◆ Input data:
------------------------------------------------------------
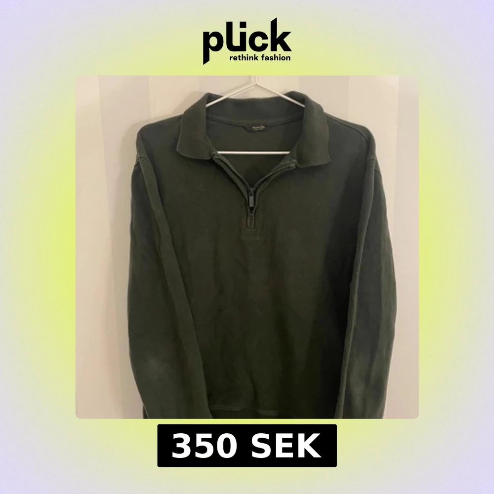 Snygg grön tröja från Massimo Dutti med dragkedja och krage. Perfekt för kyligare dagar med sin stilrena design och bekväma passform. Tveka inte att hojta till vid eventuella frågor!
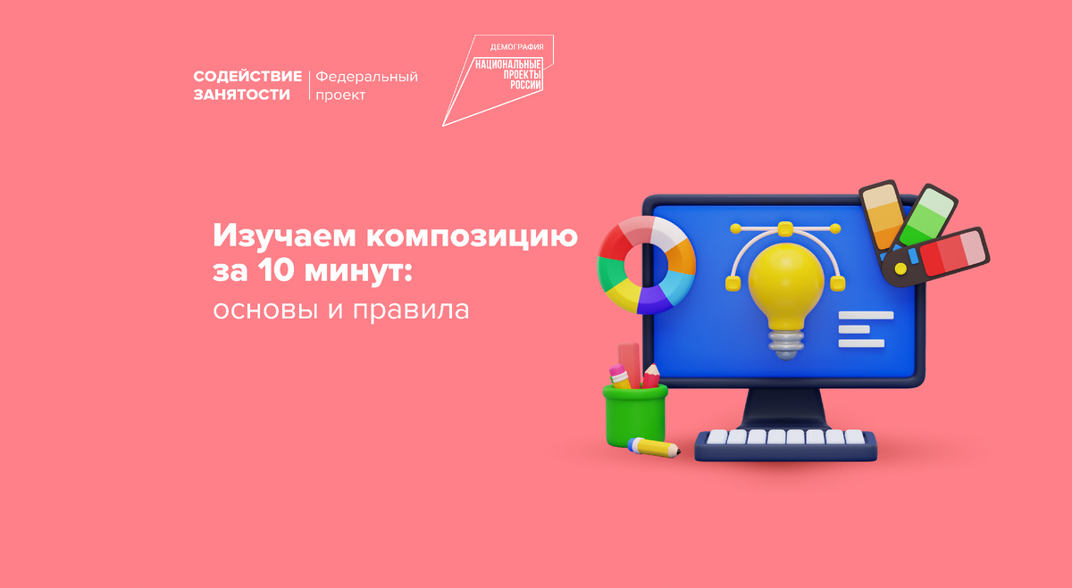 Понятия композиции также важно в работе дизайнера. Разобраться в основах композиции и взаимодействии объектов в графическом дизайне вы можете на бесплатном курсе «Графический дизайнер: старт карьеры».
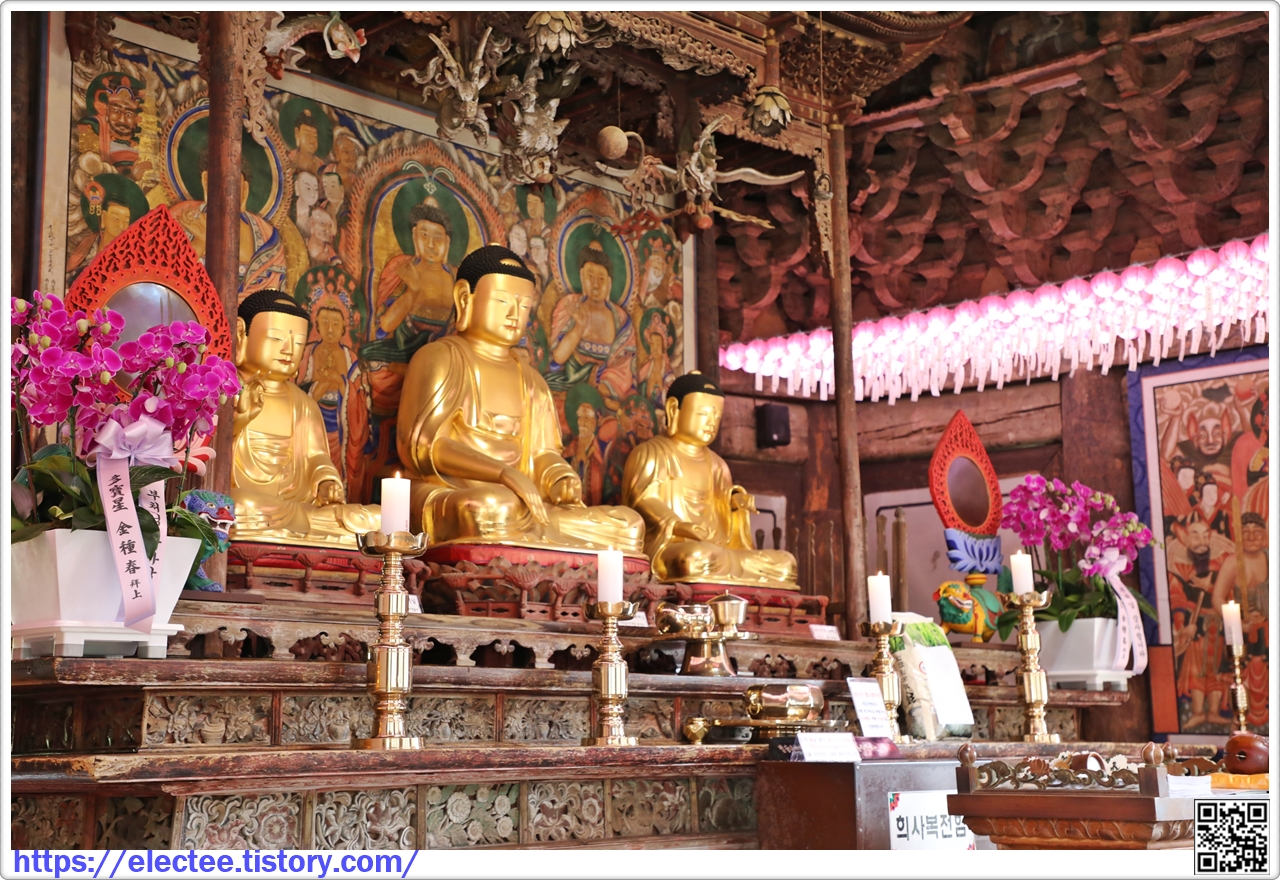 대웅보전은 절의 중심 건물로, 석가모니불과 아미타불, 약사여래불을 모신 곳이다.
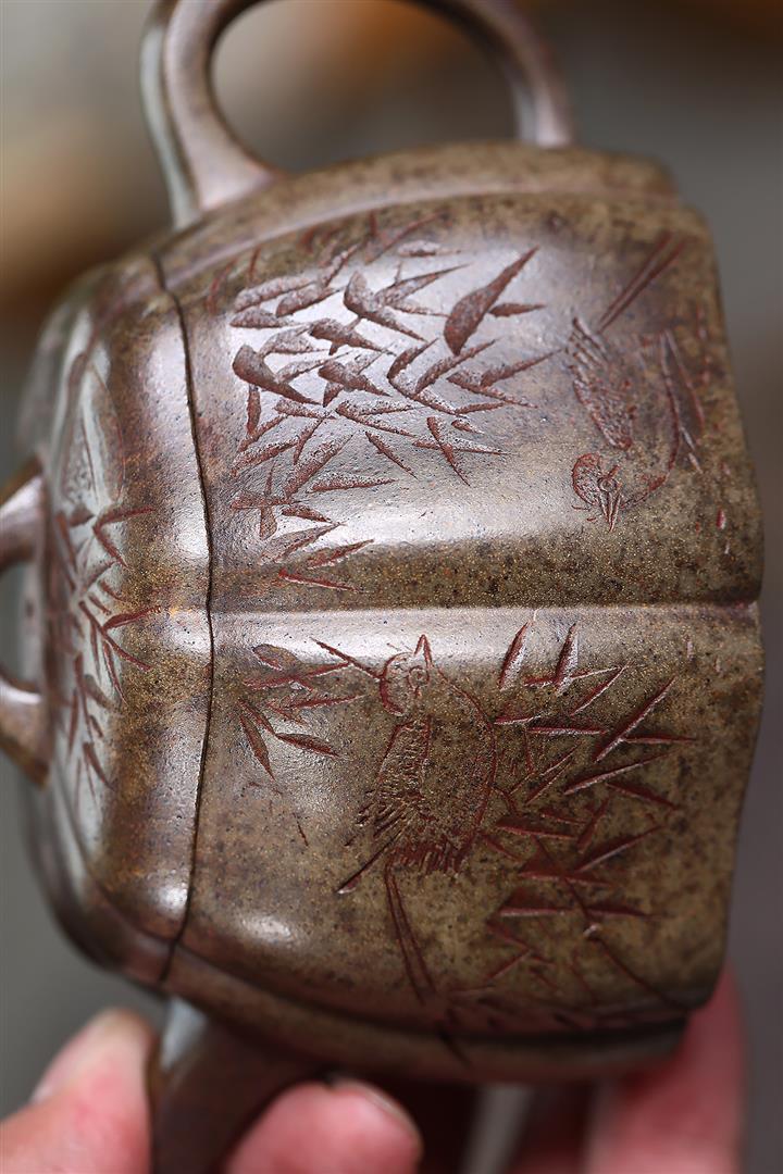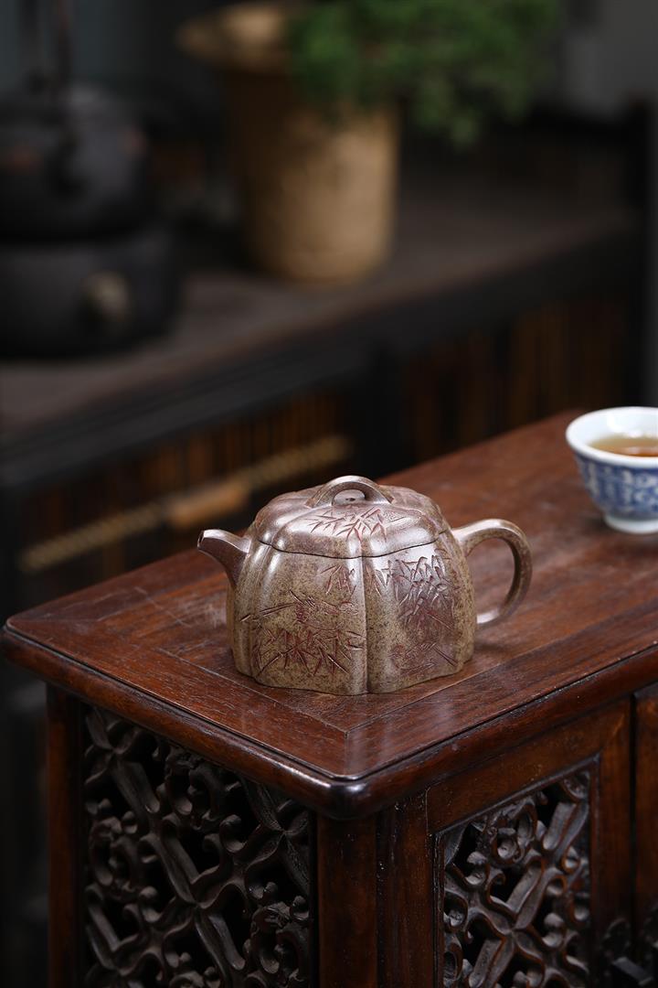150cc原礦降坡泥四方竹節茶壺POT8961
------------------------------------------------------------
◆ Brief: Repeat the lines above precisely and skip every picture.

◆ Answer to the exercise:
 Snygg grön tröja från Massimo Dutti med dragkedja och krage. Perfekt för kyligare dagar med sin stilrena design och bekväma passform. Tveka inte att hojta till vid eventuella frågor!
 Понятия композиции также важно в работе дизайнера. Разобраться в основах композиции и взаимодействии объектов в графическом дизайне вы можете на бесплатном курсе «Графический дизайнер: старт карьеры».
 대웅보전은 절의 중심 건물로, 석가모니불과 아미타불, 약사여래불을 모신 곳이다.
150cc原礦降坡泥四方竹節茶壺POT8961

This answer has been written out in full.